1) developing my own version of hardware (not a cape) for cnc-ing, e.g. 3d printing and others like machinekit
2) i plan to update this one https://github.com/Noobman/RDB-STPTS-002-DIY
Note: this is not a cape, it currently uses wires of breaboard type, and can be used by any developer any board for either 5v or 3v3 boards, has features like optoisolation and mosfet drivers; not really end hardware more like hardware for other devs;
3) very few things to this area http://reprap.org/wiki/User:NoobMan also i did previous version
What i am planning to update: -not sure if lvds or other logic level would be required, but i plan to make it work with 1,8v logic, mosfets could do easy, the step signal would have to check options -planning to optoisolate endstop switches too -etc minor other stuff - will keep on diy and gplv2

I know this is probably not smth that should be on the list here but well, here it is anyway. You said anxious not worthwhile :). Also note i would do this anyway with time so im probably not a priority. Just a bit anxious about this board, expecting a good development around it coz of prus and mcus. At very least i think many ppls waiting for it.

Dear all,

I realize I am late to this thread. I found this thread after ordering my x-15 many months ago, and coming here to find out news about availability :-).

My primary goal in obtaining a X-15 is porting RTEMS to it. If I can get access to a beta board, I can get started sooner. So, if there are any boards still or any beta items coming in the future:

  1. Make RTEMS (http://rtems.org/) run on the beagleboard-x15.
  2. During development, my RTEMS repo at https://github.com/RTEMS/rtems. If and when accepted to mainline, https://git.rtems.org/rtems/.
  3. I have written RTEMS support for the beagleboard xm and beaglebone & beaglebone black (am335x) already and this has been merged with mainline. (‘beagle’ bsp.)

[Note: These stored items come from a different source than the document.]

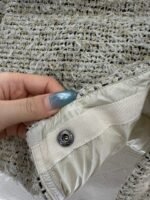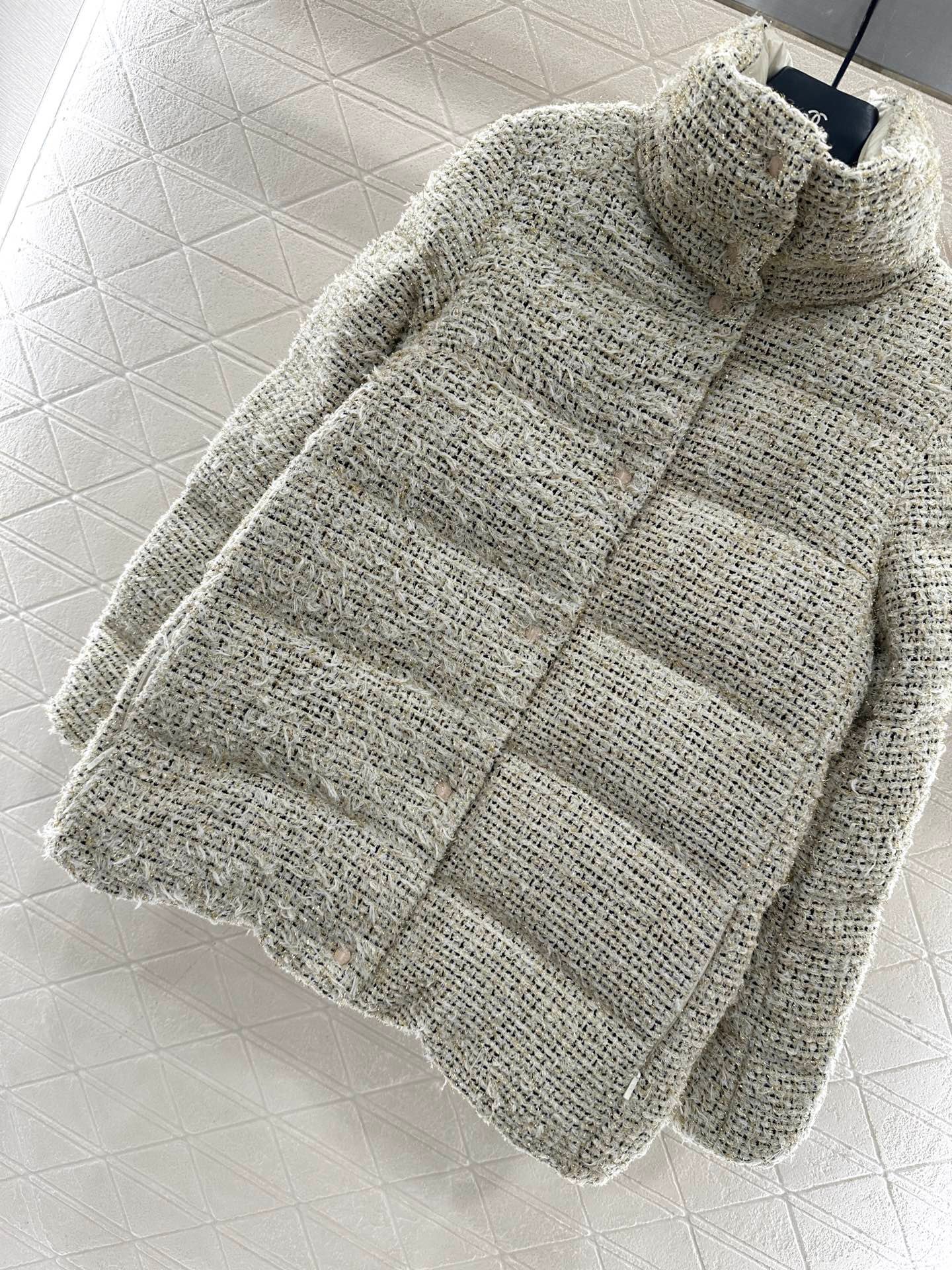 Made of woolen material and filled with white duck down, the whole piece is lightweight and warm. The standing collar is a medium length jacket with a threaded elastic edge that tightens and keeps warm. The interwoven silver threads reflect light, and the large body is paired with a beige checkered texture, creating a gorgeous visual effect that breaks the dullness of autumn and winter. The weaving mechanism is delicate, showcasing the brand’s style. The logo fabric on the outside of the arms is full of delicacy. The medium length version is not picky about style and body shape, and when paired with skirts and pants, it shows a high street fashion style.
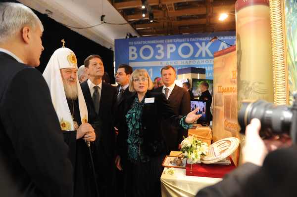 Святейший Патриарх Кирилл и Председатель ИППО С.В.Степашин у стенда ИППО на Х выставке-форуме «Православная Русь»
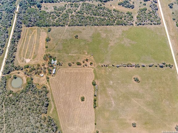 This stunning, ag-exempt property is sprawled amongst 106 acres that have been beautifully maintained with legacy oak trees and a fertilized open pasture. Fully fenced, the coveted gated entry guides homeowners to the charming home built on this multi-use ranch. The country-style interior is met with original wood paneling, tin ceilings, and classic picture windows. The floor plan flows seamlessly through the common areas with a dedicated dining room off the living area. The kitchen also has access to the outdoors. Two full bedrooms and two baths complete the interior. The lovely front and back porches are ideal for enjoying a morning cup of coffee while the covered patio makes for al fresco dining with an outdoor kitchen. Cool off in the hot months by enjoying the pool year-round with the glistening pool and spa feature. Two barns can be found on the property in addition to two stock tanks, two barns, and three water wells, perfect for horses and sustainability. Nestled off the frontage with double public roads and conveniently located 60 miles from San Antonio and 80 miles to Corpus Christi, this is the perfect opportunity to explore the ranch life possibilities.
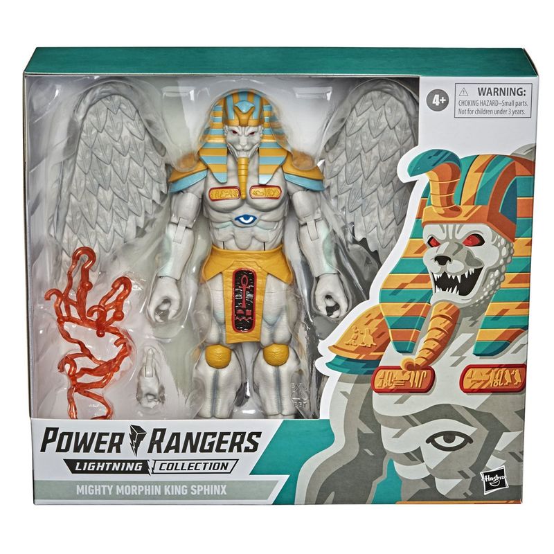 Esta figura de monstro King Sphinx da coleção Lightning de 8 polegadas apresenta pintura premium e detalhes decorativos inspirados no show, mais de 20 pontos de articulação para alta poseabilidade, inclui asas fixáveis, acessório Sphinx Scepter , acessório de efeito de explosão de energia e um par extra de mãos para mais formas de jogar ou exibir. Vai Vai Power Rangers!
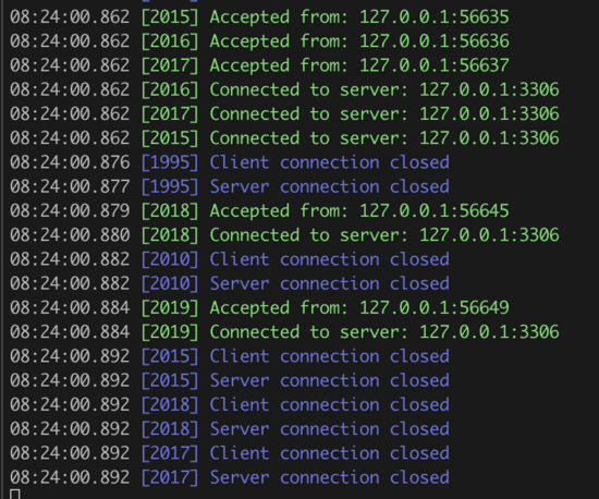 $ docker run --rm -it -p <listen-port>:<listen-port> -p <remote-port>:<remote-port> kevinwan/tproxy:v1-arm64 tproxy -l 0.0.0.0 -p <listen-port> -r host.docker.internal:<remote-port>
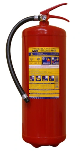Огнетушитель порошковый ОП-10 (з) МИГ предназначен для защиты помещений производственного и хозяйственного назначения, применяется в бытовых условиях, на автомобильном, железнодорожном транспорте для тушения пожаров классов А (твердых горючих веществ), В (жидких горючих веществ), С (газообразных горючих веществ) и E (электроустановок, находящихся под напряжением до 1000 В). Огнетушители не предназначены для тушения загораний щелочных и щелочноземельных металлов и материалов, горение которых может происходить без доступа воздуха.
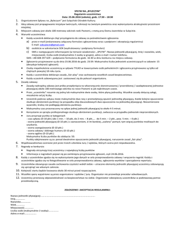 3. 4. SPŁYW NA „BYLECZYM” Regulamin uczestnictwa Data: 25.06.2016 (sobota), godz. 17:30 – 18:30 Organizatorem Spływu na „Byleczym” jest Sulęciński Ośrodek Kultury. Ideą zabawy jest propagowanie inicjatyw twórczych, rekreacji na świeżym powietrzu oraz wykorzystania atrakcyjności przestrzeni miejskiej. Miejscem zabawy jest około 100 metrowy odcinek rzeki Postomi, z metą przy Domu Joannitów w Sulęcinie. Warunki uczestnictwa: 5. Każdy uczestnik deklaruje chęć przystąpienia do zabawy za pośrednictwem zgłoszenia: a) przez e-mail (zeskanowany załączony formularz zgłoszeniowy wraz z podpisem i akceptacją regulaminu) E-mail: [email protected] b) osobiście w sekretariacie SOK (wydrukowany i podpisany formularz) c) SMS z następującymi informacjami (w temacie wiadomości: „SPLYW”: Nazwa jednostki pływającej, Imię i nazwisko, wiek, miejscowość, liczba osób (maksymalnie 2 osoby w grupie), adres e-mail i numer telefonu. SMS: +48 608 297 629 – podpisanie formularza do godz. 16:30 w dniu konkursu na miejscu zabawy. Zgłoszenia przyjmowane są do dnia 23.06.2016 do godz. 23:59. Maksymalna liczba jednostek uczestniczących w zabawie: 15 (decyduje kolejność zgłoszeń). Osoby niepełnoletnie uczestniczą w spływie TYLKO w towarzystwie osób pełnoletnich i zgłoszenia przyjmowane są tylko od chętnych powyżej 18 roku życia. Każdy z uczestników deklaruje zasady „fair play” oraz zachowania wszelkich zasad bezpieczeństwa. Każdy uczestnik zobowiązany jest zastosować się do poleceń organizatora. Zasady zabawy: 6. 7. Zasadą nadrzędną zabawy jest próba przepłynięcia na własnoręcznie skonstruowanej / przerobionej / zaadaptowanej jednostce pływającej około 100 metrowego odcinka na rzece Postomi w jak najkrótszym czasie. Przez „uczestnika” rozumie się jedną lub maksymalnie dwie osoby, które płyną jednostką. Wszelkie zasady dotyczą załogi, niezależnie od jej liczby. Uczestnik podczas spływu może maksymalnie dwa razy z premedytacją opuścić jednostkę pływającą. Każde kolejne opuszczenie skutkuje obniżeniem punktacji (w przypadku ekip dwuosobowych dwa opuszczenia na jednostkę pływającą). Niezamierzone wywrotki, kraksy nie podlegają obniżeniu punktacji. Maksymalny czas przeznaczony na spływ jednej jednostki pływającej to około 4-5 minut. Korzystanie ze sprzętu profesjonalnego skutkuje obniżeniem punktacji, zwłaszcza w przypadku jednostek nieprzerobionych. Jury przyznaje punkty w kategoriach - czas spływu (0-10 pkt.) (do 1 min. – 10 pkt, do 2 min. – 8 pkt.,… do 5 min. – 2 pkt., pow. 5 min. – 0 pkt.) - ocena jednostki pływającej (0-10 pkt.) z zaznaczeniem, iż im bardziej „szalony” pomysł, tym więcej punktów możliwych do uzyskania. - ocena zaangażowania (0-10 pkt.) - ocena zabawy i dobrego humoru (0-10 pkt.) - ocena ogólna (0-10 pkt.) Maksymalna liczba punktów do zdobycia: 50. Punkty odejmowane są za: ponad dwukrotne opuszczenie jednostki pływającej, naruszenie zasad „fair play”. Współzawodnictwo oceniane jest przez trzech członków Jury / sędziów, których ocena jest niepodważalna. Nagrody w konkursie: 1. 2. 8. 9. 10. 11. 12. Nagrody otrzymają trzej uczestnicy z największą liczbą punktów Informacja o nagrodach pojawi się po zamknięciu przyjmowania zgłoszeń, czyli 24.06.2016. Każdy z uczestników zgadza się na wykorzystanie jego danych w celu przeprowadzenia zabawy i wręczenia nagród. Każdy z uczestników zgadza się na fotografowanie w celu przeprowadzenia zabawy, ogłoszenia wyników i sporządzenia reportażu. Uczestników obowiązuje zasada zachowania czystości wokół siebie – utracone elementy jednostki pływającej uczestnicy zobowiązują się uprzątnąć we własnym zakresie. Kolejność startu będzie losowana około 30 minut przed rozpoczęciem. Wszelkie spory wyjaśniane są przez organizatora i sędziów / jury. Organizator nie przewiduje procedur odwoławczych. Uczestnicy przenoszą odpowiedzialność za bezpieczeństwo na siebie. Organizator zabezpieczy uczestników w podstawową pomoc przedmedyczną. ZGŁOSZENIE i AKCEPTACJA REGULAMINU: Nazwa jednostki pływającej:…………………………………………………………………………….. Imię……………. Nazwisko……………. Wiek………….. Miejscowość…………… Liczba osób (maksymalnie 2 osoby):……………. Adres e-mail:………………. Numer telefonu:……………………….. Akceptuję regulamin oraz oświadczam prawdziwość danych w zgłoszeniu, Data: ………………………………Podpis…………………………………………………………………………… (data i czytelny podpis)
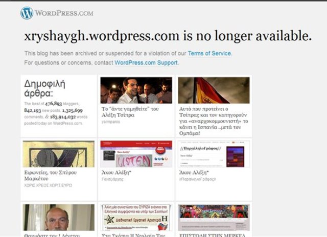 Αυτό που βλέπει κανείς όταν προσπαθεί να μπει στην επίσημη ιστοσελίδα είναι ότι έχουν παραβιαστεί οι όροι χρήσης που διέπουν το συγκεκριμένο παγκόσμιο ιστολόγιο WordPress.
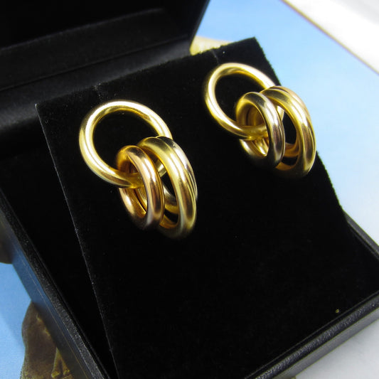 SOLD- Tri-Gold Hoop Earrings 18k c. 1980
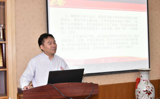 李素矿以《扣中心 抓党建 促发展》为题,对学院党建工作进行了汇报。他首先介绍了学院基层党组织设置、党员队伍、师生群体等基本情况。他说,在学校党委的坚强领导下,无码动漫 党委高度重视党建工作,纳入规划和年度计划,统一部署与考评,积极推进党建领院、以史铭院、学术立院、特色建院、人才强院、文化兴院、开放活院、依法治院,做到科学治理;建立了层层传导压力体制机制,坚持党务与行政“一岗双责” 、业务与育人“一岗双责”和支部书记例会制度,坚持党员在哪里、党的建设就要延伸到哪里,师生在哪里、思想政治教育就要走心在哪里,实现从课堂到课外、从书本到实践、从室内到野外、从网上到网下全覆盖,引领全院师生爱党爱国爱家爱校爱院爱学爱习,做“四讲四有”合格党员、做“四有”合格教师、做“勤学修德明辨笃实”合格学生;依法依规全面从严治党,注重院党委、师生党支部和全体党员能力建设,通过“两学一做”学习教育、主题党日、院党委中心组理论学习、三会一课、党课等党内制度安排,以及积极健康向上、丰富多彩的党建、群团活动,引领师生履行好人才培养、科学研究、社会服务、文化传承创新、国际合作交流工作任务,并将其转化为育人能力;努力打造《学院党建与环境文化》、《师生实习风采展》、《我喜欢的习大大的一句话》名信片、《艰苦朴素 求真务实》等学院党建和环境文化特色品牌,发挥资政育人功能和网络思想教育作用,引领师生与以习近平同志为核心的党中央同心、学术方向与政治方向同向、学术卓越与思想卓越同行、学术魅力与人格魅力同在;选塑优秀党员、师德先进个人、良师益友、优秀班主任、学习标兵等师生先进典型,让好人好事影响身边的师生、带动更多师生追求卓越,充分发挥好学院党委政治核心作用、师生党支部战斗堡垒作用和党员的先锋模范带头作用;院党委牢记主体责任和书记第一责任,班子成员履职尽责,注重调查研究,结合试点学院改革和双一流建设进行创新实践,实现从手迹向足迹、从痕迹向事迹转化,营造立德树人的良好环境,提振师生干事创业的精气神,确保学院卓越发展的良好态势。最后,以问题为导向,深刻剖析了学院党建工作存在的不足和进一步学、查、改的努力方向。他认真回答了督查组的提问。
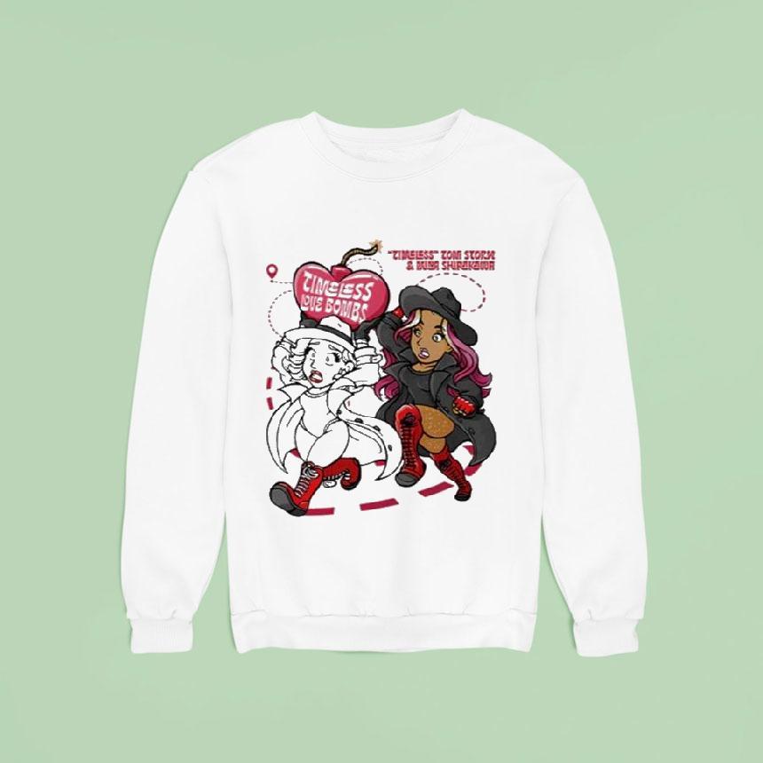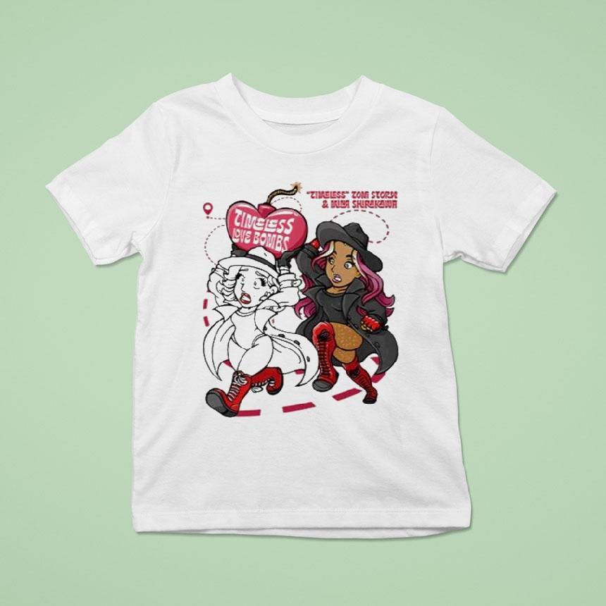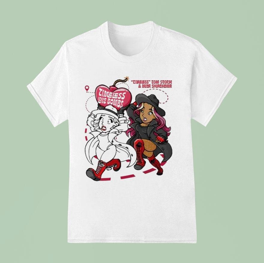 Two stylized female characters dash forward, their movements frozen mid-stride with dynamic motion lines that pulse with energy. Bright red and black accents slice through the design, creating a striking contrast that makes the figures and their surroundings leap off the fabric. Bold text bubbles hover nearby, one emblazoned with the phrase timeless love bombs, drawn in a comic-style display font that demands attention with thick strokes and high contrast. A single heart graphic punctuates the scene, anchoring the playful yet rebellious spirit of the composition. This shirt’s visual narrative captures a vibrant moment of action and attitude—perfect for kids and teens who gravitate toward graphic tees infused with quirky, comic-inspired characters. The placement of elements maintains a balanced chaos, as if caught in the middle of an animated panel where motion and emotion collide. It speaks to a bold personality that appreciates both fun and edge, someone who finds joy in designs that feel alive and unapologetic. Wearing a shirt like this extends beyond everyday comfort; it becomes a subtle statement of identity for young individuals who embrace playful rebellion and vivid storytelling in their style. Whether at school, casual meetups, or themed gatherings, the timeless love bombs on this tee are a graphic shout-out to those who enjoy expressing themselves with a dash of wit and a lot of heart.
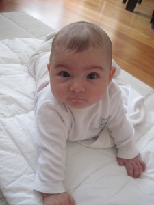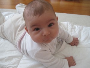 4. ayımı doldurmak üzereyim..Dişlerim çok fena kaşınıyor. Sürekli ağzıma bir şeyler alma ihtiyacı hissediyorum..En çok da ellerimi ağzıma sokuyorum. Yüzüstü yerde oynamak hoşuma gidiyor. Ses çıkaran nesneleri sallamak çok eğlenceli. Öte yandan babam emziğimi ağzıma vermek yerine biraz uzağıma koyup insanüstü çabayla ulaşmaya çalışmamı keyifle izliyor ama ben kan ter ve en çok da gözyaşı döküyorum 🙁 Bazen başarısız olup yeterince uzun ağladığımda annem dayanamayıp imdadıma yetişiyor.

Ideally I also want it to boot using the bsd-compatible-licensed bootloader umon (https://git.rtems.org/umon/), and also have the x15 running in rtems smp mode. Those I consider stretch goals, as it were, however.

1) eBPF byte-code compiler kernel driver for the HW packet filter engine on the AM5728.

Packet Filter Engine:

"AM572x ARM Processor Silicon Revision V1.1" section 24.11.4.9

http://www.ti.com/lit/er/sprz429g/sprz429g.pdf

2) https://github.com/zebop/x15-pkt-engine

3) Many years of OS hacking in C and assembler. Recently ported Nuttx to the TI CC3200 ARM Cortex-m4 ( https://hackpad.com/ep/pad/static/Rrol11xo7NQ )

Late to the party, but here goes anyway…

  1. If a board were to ever fall into my lap, I’d work on getting the the Adafruit BBIO Python library working on it along with other people who’ve contributed to the library. I’d be eager to get this library working with X15 ASAP after release.

  2. https://github.com/PeteLawler/adafruit-beaglebone-io-python (via elsewhere forked from https://github.com/adafruit/adafruit-beaglebone-io-python )

  3. Not much, though I did help get the Adafruit BBIO Python library updated to work with 4.1+ kernels, so there’s that.

Should this thread be "un-pinned" now that Rev C has been released?